=== ENTRIES PROVIDED ===

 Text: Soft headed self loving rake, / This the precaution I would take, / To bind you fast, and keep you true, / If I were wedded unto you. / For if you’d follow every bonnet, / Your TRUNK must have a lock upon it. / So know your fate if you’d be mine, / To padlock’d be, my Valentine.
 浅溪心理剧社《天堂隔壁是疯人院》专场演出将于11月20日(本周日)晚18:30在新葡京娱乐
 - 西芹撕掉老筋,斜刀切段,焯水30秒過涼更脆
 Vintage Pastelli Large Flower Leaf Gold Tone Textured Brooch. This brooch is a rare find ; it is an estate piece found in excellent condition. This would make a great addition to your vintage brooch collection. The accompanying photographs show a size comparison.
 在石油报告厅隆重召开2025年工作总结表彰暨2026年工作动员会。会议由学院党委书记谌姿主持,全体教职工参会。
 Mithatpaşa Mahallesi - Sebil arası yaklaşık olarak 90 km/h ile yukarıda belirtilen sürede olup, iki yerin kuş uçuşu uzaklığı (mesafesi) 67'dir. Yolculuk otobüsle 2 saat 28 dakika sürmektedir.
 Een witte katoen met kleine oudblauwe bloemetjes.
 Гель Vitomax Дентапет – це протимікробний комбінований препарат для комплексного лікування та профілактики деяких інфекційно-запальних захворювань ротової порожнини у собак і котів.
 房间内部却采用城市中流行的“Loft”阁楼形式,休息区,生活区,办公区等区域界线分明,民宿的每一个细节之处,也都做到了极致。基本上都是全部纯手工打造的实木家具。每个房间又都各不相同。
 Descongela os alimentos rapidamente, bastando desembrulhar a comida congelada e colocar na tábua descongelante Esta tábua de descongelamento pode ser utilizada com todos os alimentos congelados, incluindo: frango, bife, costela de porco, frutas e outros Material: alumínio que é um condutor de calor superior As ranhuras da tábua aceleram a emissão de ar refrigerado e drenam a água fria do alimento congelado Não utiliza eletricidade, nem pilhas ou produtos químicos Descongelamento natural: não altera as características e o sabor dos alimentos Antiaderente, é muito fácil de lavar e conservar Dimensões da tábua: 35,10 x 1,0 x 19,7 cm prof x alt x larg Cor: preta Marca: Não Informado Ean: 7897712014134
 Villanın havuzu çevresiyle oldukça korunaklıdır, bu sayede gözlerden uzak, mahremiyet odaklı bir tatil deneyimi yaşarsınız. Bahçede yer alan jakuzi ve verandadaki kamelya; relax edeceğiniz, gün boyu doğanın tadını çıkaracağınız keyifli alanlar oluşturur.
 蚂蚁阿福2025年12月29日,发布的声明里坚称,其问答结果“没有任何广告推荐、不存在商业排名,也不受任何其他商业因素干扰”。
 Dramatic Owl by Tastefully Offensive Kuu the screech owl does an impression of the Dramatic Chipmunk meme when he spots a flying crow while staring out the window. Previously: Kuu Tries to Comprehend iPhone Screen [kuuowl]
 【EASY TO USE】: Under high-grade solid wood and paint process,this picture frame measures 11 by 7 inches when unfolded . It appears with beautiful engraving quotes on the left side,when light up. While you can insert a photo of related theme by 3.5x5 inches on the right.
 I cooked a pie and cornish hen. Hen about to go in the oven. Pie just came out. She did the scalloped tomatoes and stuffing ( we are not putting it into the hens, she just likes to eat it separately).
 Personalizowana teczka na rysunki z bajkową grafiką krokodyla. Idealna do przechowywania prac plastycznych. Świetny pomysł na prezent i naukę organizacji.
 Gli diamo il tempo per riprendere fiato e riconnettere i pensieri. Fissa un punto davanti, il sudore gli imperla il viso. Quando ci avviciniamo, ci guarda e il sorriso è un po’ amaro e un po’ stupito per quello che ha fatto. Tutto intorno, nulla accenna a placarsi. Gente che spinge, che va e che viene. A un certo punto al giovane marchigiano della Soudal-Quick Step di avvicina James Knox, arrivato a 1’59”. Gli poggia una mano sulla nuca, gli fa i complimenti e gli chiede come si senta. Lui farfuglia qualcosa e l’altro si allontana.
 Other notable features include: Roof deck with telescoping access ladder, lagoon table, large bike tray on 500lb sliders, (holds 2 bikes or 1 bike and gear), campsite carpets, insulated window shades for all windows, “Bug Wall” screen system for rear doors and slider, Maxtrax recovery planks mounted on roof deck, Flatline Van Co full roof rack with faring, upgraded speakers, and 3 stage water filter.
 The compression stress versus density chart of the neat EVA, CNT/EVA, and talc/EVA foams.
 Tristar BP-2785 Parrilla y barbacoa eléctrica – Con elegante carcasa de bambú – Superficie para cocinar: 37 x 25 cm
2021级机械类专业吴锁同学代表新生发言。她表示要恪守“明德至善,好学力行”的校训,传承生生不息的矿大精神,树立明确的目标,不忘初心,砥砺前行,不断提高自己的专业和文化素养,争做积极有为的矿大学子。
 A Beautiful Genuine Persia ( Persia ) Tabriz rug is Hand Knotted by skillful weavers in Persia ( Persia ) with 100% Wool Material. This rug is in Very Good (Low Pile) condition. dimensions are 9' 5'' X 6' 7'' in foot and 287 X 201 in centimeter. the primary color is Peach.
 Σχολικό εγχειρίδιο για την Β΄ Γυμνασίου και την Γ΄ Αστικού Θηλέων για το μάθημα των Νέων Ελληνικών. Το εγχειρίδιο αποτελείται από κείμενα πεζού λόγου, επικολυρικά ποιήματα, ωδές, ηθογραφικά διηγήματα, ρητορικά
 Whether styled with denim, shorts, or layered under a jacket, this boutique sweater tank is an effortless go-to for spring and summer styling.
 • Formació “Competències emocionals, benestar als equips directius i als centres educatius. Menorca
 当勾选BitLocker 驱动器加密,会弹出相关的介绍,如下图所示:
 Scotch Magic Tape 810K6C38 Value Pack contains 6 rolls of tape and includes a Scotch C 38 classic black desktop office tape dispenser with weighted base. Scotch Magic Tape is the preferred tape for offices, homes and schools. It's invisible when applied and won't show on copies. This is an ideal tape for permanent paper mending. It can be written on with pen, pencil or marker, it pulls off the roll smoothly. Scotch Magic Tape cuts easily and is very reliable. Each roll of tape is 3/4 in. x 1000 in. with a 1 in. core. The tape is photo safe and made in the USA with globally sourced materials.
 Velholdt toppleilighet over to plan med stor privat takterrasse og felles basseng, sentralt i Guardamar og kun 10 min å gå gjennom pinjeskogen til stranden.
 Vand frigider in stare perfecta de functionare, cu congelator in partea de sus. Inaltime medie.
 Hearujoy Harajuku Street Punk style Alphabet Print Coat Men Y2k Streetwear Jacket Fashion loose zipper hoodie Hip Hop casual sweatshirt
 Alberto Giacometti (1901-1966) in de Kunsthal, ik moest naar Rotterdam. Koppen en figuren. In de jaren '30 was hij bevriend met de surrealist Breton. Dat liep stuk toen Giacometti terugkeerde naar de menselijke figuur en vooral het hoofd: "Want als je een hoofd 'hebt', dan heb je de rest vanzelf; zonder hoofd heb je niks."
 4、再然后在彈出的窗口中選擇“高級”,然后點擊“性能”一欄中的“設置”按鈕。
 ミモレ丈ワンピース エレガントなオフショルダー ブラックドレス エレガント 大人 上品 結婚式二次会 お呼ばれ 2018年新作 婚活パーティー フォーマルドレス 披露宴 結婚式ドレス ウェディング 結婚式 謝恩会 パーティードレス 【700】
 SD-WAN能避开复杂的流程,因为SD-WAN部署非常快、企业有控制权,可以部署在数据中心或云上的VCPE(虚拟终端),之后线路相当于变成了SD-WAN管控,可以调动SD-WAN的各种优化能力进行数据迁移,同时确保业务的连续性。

===

TASK DIRECTIONS ->
Please reproduce exactly the lines above, beginning with the first and ending with the line that contains "- 西芹撕掉老筋,斜刀切段,焯水30秒過涼更脆", and include nothing outside that range.

SOLUTION TO THIS TASK ->
 Text: Soft headed self loving rake, / This the precaution I would take, / To bind you fast, and keep you true, / If I were wedded unto you. / For if you’d follow every bonnet, / Your TRUNK must have a lock upon it. / So know your fate if you’d be mine, / To padlock’d be, my Valentine.
 浅溪心理剧社《天堂隔壁是疯人院》专场演出将于11月20日(本周日)晚18:30在新葡京娱乐
 - 西芹撕掉老筋,斜刀切段,焯水30秒過涼更脆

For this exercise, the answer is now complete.